Areas in which the World Bank leads and there is no direct IMF involvement
3. Areas in which the Bank leads and there is no direct IMF involvement include the social sectors, infrastructure and environment.
· In the social sectors the Bank conducts annual updates of Georgia’s Poverty Assessment based on household data collected on a quarterly basis. The Bank’s focus has been to improve the budget execution of expenditures for health, education and poverty benefits and to raise the efficiency in the use of scarce public resources. Through the Social Investment Fund Credits IDA is focusing in particular on areas with high poverty levels to provide basic infrastructure to the poorest communities. A recently approved Self-reliance Fund Grant will help authorities address the complex issues related to internally displaced people. IDA is also supporting a dialogue with the Government on social protection reform that may lead to an IDA-supported project.
· In education the Education Adaptable Program Credit aims at improving the learning outcomes of primary and secondary students, through curriculum reform, development of an examination system, training of teachers, provision of learning materials, and development of capacity to make better use of Georgia’s physical, financial and human resources. While the investment needs of school buildings are substantially higher than is currently affordable for Georgia, the Social Investment Fund projects continue to assist in financing urgent repairs to school facilities in many communities.

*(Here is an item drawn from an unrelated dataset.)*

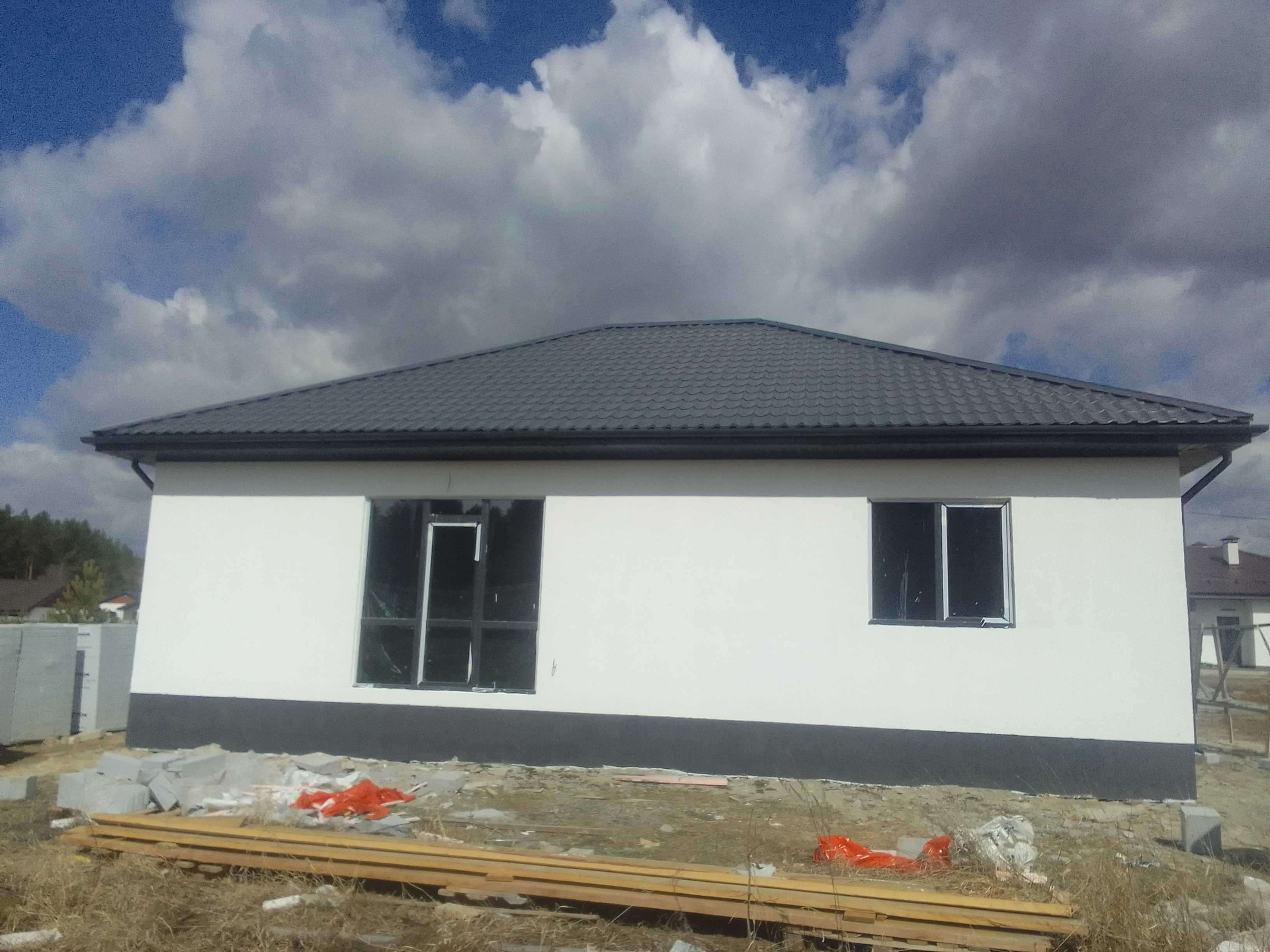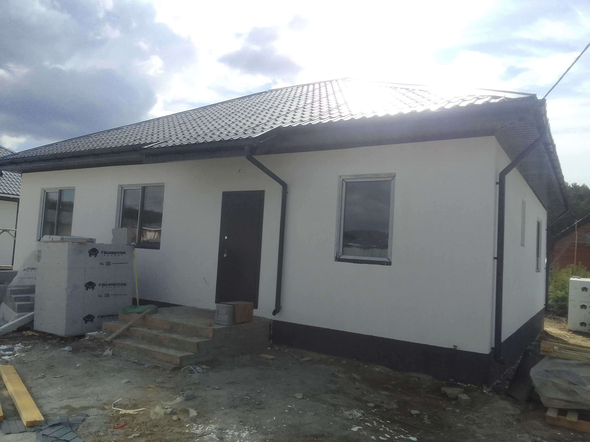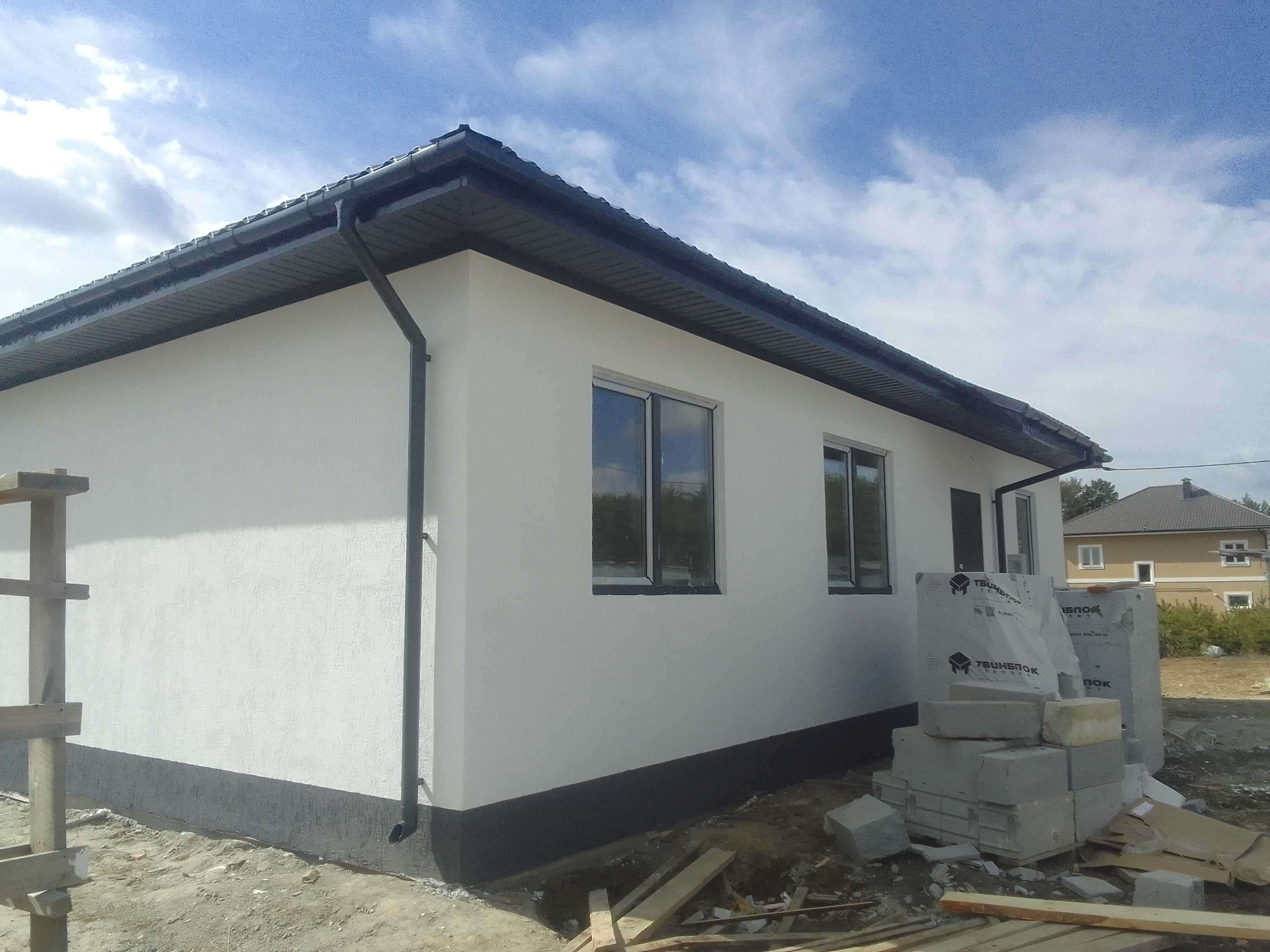 Стены: газоблок 300+фасадный утеплитель+ штукатурка "Короед"

· In health IDA Credits to support the Government in improving the health care financing system, exploring risk-pooling options, introducing a new system of primary health care and improving the focus of services funded through public funds on the poor and on priority public health interventions. In addition hospital restructuring has been supported by SAC 3 and the Structural Reform Support Credit.